Notes about the search engine parser

The Google (and other) search engine parsers are based on the HTML parser that was written by me long ago. I am not providing the source of it but I am going to explain the building blocks of the parser.

In the demo project you can find seven additional search engine parsers (MSN, Netscape, AllTheWeb, AltaVista, Yahoo!, Ask, Lycos).

HTML parser basics

My HTML parser is a regular parser which scans for HTML tokens - tags. It's all I need when I want to parse a regular HTML page.

But it is not enough when it comes to the parsing of a web page with results from the Google search engine, because the page contains many things that I won't need except for the actual links of the search.

I need somehow to tell the parser to find the important structures in the page. For this I define an XML file with definitions of the tags that I want to extract and all that lies in these tags.

Here is an example of the XML file for the Google web page:

  <structures>
    <structure name="TABLE" startTag="table" endTag="/table"/>
    <structure name="PARAGRAPH" startTag="p" endTag="/p"/>
  </structures>

Why do I need <table> and <p> tags for the Google web page?
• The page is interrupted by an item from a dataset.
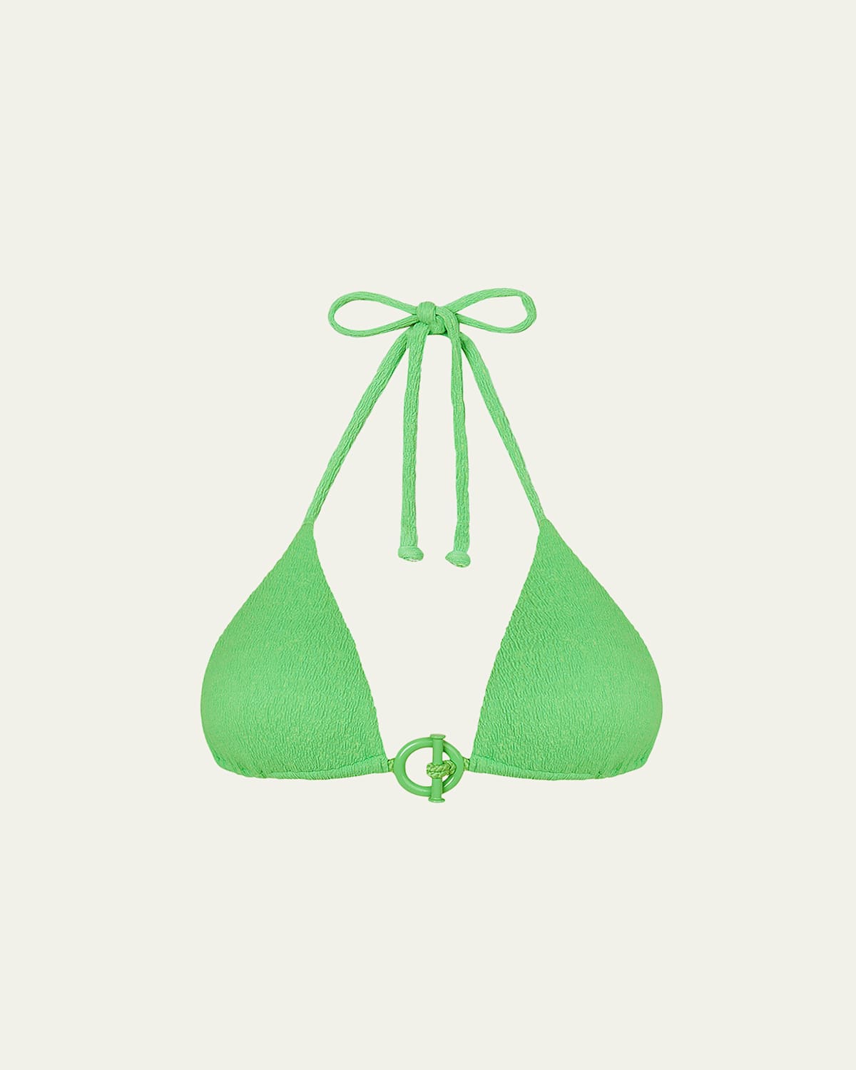 Vix "Audrey" bikini top in a textured finish with a tonal front toggle closure Halter neckline; selfties behind the neckline Triangle cups slide on string Removable soft cups Midback selfties Nylon/polyamide/elastane Lining: Elastane/nylon Hand wash Made in Brazil Bottoms sold separately

Prior to specializing the HTML Parser for the Google search engine I just looked at the source of a random page from Google. I found out that the links that match the query are placed between <p> tags and the number of total results found is somewhere in the <table> tag.
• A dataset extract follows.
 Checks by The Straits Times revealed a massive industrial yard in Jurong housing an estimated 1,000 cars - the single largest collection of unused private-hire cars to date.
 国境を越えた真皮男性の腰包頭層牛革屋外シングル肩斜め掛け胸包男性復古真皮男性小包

I could do more than that. The structure of the web page returned by Google (as well as other templatized web pages) is (almost?) the same. So I would know the exact position of the <table> tag where the number of the results matched is situated and directly retrieve it but it ties me to the specific template structure and I was not sure that Google returns the same template web page every time.

Search Engine Parser

There is the SearchEngineParser class which inherits the HtmlParser class and is the base class for all flavours of search engine parsers.

It defines some abstract methods which must be implemented by a specific search engine parser.

Google Search Engine Parser

One of the most important methods that is overridden is GetLinks(HtmlStructure,AddressLinkCollection).

HtmlStructure is defined in a class HtmlParser. It holds part of the web page structure defined by a specific tag. The structure can hold nested structures, the text found in that structure, and address links if any as well.

The idea is to iterate through structures and extract the data. All that we need is to get the address links out of the structure.

The HtmlAnchor class holds the address link:

    protected override void GetLinks(HtmlStructure structure, 
                                AddressLinkCollection linkCollection)
    {
        if (structure == null) return;
        //if the structure name is PARAGRAPH defined in xml file than 
        //there is probability that this structure 
        //holds the links found by Google
        if (structure.TagName == "PARAGRAPH")
        {
            if (structure.Anchors != null && structure.Anchors.Count != 0) 
            {

                IList anchors = structure.Anchors;

                foreach(HtmlAnchor anchor in anchors)
                {
                    //if text of the address link is cached 
                    //or similar or view as then skip it
                    if (anchor.Text.IndexOf("cached") >= 0) continue;
                    if (anchor.Text.IndexOf("similar") >= 0) continue;
                    if (anchor.Text.IndexOf("view as") >= 0) continue;
                    
                    //if the link contains google word then skip it too
                    if (anchor.Href.ToString().IndexOf("google") >= 0 ) continue;

                    //all other links are the valid links, 
                    //place them in AddressLink collection
                    AddressLink link = new AddressLink(anchor.Href.ToString(), 
                                                                 anchor.Text);
                    linkCollection.Add(link);
                }
            }
        }
        IList structList = structure.Structure;
        //continue to iterate through structures
        foreach(HtmlStructure struct_ in structList)
        {
            GetLinks(struct_,linkCollection);
        }
    }

Explanation of the code above

We iterate through structures found in the web page and those defined in the XML file. There will be only two structures for Google - <table> and <p>.

Each time we get the PARAGRAPH structure which is an alias for <p>, we know that this is a structure where Google holds its link results.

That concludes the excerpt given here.